— О чем думаешь, сынок? — спросил он, словно подслушав мои мысли.
— Видишь ли, Горб… Есть одна женщина… Очень красивая…
— Я знаю, что ты бабник, сынок, — ласково сказал он. — Неужто и до Рублевки добрался? Ну и аппетиты у тебя!
Я говорил о матери, но не стал спорить.
— Да, она живет поблизости. Я хотел бы ее навестить, раз уж судьба меня сюда занесла.
— Ты бы ей позвонил для начала, — усмехнулся Сгорбыш. — А вдруг место занято?
— О! Для меня в ее сердце всегда найдется место! Меня там никто не заменит!
— Что ж. Раз ты так уверен. Конечно, езжай к ней.
— А ты?
— Доберусь как-нибудь. Не в пустыне же. К тому же у меня полно работы.
Он потряс камерой. Снимал упрямый Сгорбыш все-таки на пленку. Некоторые кадры, казавшиеся мне особенно интересными, я дублировал на цифру.
В это время мы подъехали к воротам особняка. Судя по всему, дом был не слишком большой. Но Сгорбыш присвистнул:
— Ого!
Интересно, что бы он сказал, увидев особняк моих родителей? А наш бассейн? Теннисный корт? Когда Сидор Михайлович подъехал к воротам и посигналил, из приоткрывшейся калитки выскочила собака. Должно быть, та самая. Любимица. Я закусил губу от смеха и сказал Сгорбышу:
— Возьми фотоувеличитель.
Она была размером с кошку. Абсолютно голая, розового цвета. На тонких паучьих ножках. Но у нее были уши, как у осла, длинные и покрытые густой белой шерстью.
— Что это? — в недоумении спросил Сгорбыш.
— Ты что не видишь? Собака! Тебе ее заказывали. Снимай.
Он пожал плечами и навел объектив. Дважды щелкнул существо. К нашему удивлению Сидор Михайлович шикнул на любимицу, чтобы не тявкала, а когда она не унялась, поддел ее ногой и, как мячик, зашвырнул на участок. Потом зарычал:
— Леля! Да закроешь ты, наконец, ворота! И убери эту дрянь! У меня был тяжелый день!
Появилась та самая блондинка. Выходит, ее зовут Лелей. Защебетала:
— Сейчас, сейчас! Мими! Иди к мамочке! Мими! Папа сердится!
— «Футбол» отдавать будем? — смеясь, спросил Сгорбыш.
— Себе оставим, — тоже улыбаясь, ответил я.
Ворота закрылись.
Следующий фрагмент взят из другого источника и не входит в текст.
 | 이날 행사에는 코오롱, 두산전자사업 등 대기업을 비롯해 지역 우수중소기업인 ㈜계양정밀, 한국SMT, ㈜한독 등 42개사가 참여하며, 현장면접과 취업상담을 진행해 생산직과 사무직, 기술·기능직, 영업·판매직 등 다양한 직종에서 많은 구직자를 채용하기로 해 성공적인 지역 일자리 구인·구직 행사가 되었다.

Забор — в два человеческих роста. Если блондинка хотела, чтобы мы сняли семейный ужин, она должна была оставить для нас со Сгорбышем лаз. Но лаза не оказалось, и мы сочли свою миссию выполненной.
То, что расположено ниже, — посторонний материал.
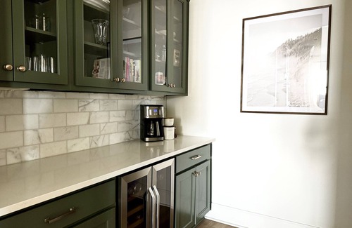 The home comes equipped with Public Goods toiletries in every bathroom along with spices, cooking oils, a coffee bar, and top of the line cooking appliances.

— Как думаешь, что она от нас хотела? — задумчиво спросил Сгорбыш перед тем, как мы расстались.
— Кто знает? — пожал плечами я.
— Оказалось, что его любовница — шатенка на «Мерседесе», а вовсе не секретарша, как мы думали. Телку сдавать будем?
— А как же? Пусть сами разбираются. Сделаем снимки с запасом. У нас ведь много дымящих труб. Впарим ей как можно больше производственных мощностей. А против шатенки поставим жирный знак вопроса. Она сама разберется, что выкинуть и чем дополнить. Может, она хочет развода? А может, наоборот. Но хочет знать наверняка, кто ее соперница. Логику женщин понять невозможно. Во всяком случае, мы свою работу выполнили.
— Грязная работа, — поморщился Сгорбыш.
— Ну, брось ее.
— А деньги? Послушай, почему именно нам все это достается?
— Что это?
— Грязь. Чистенькими, пожалуй, были только жених с невестой. И то без скандала не обошлось.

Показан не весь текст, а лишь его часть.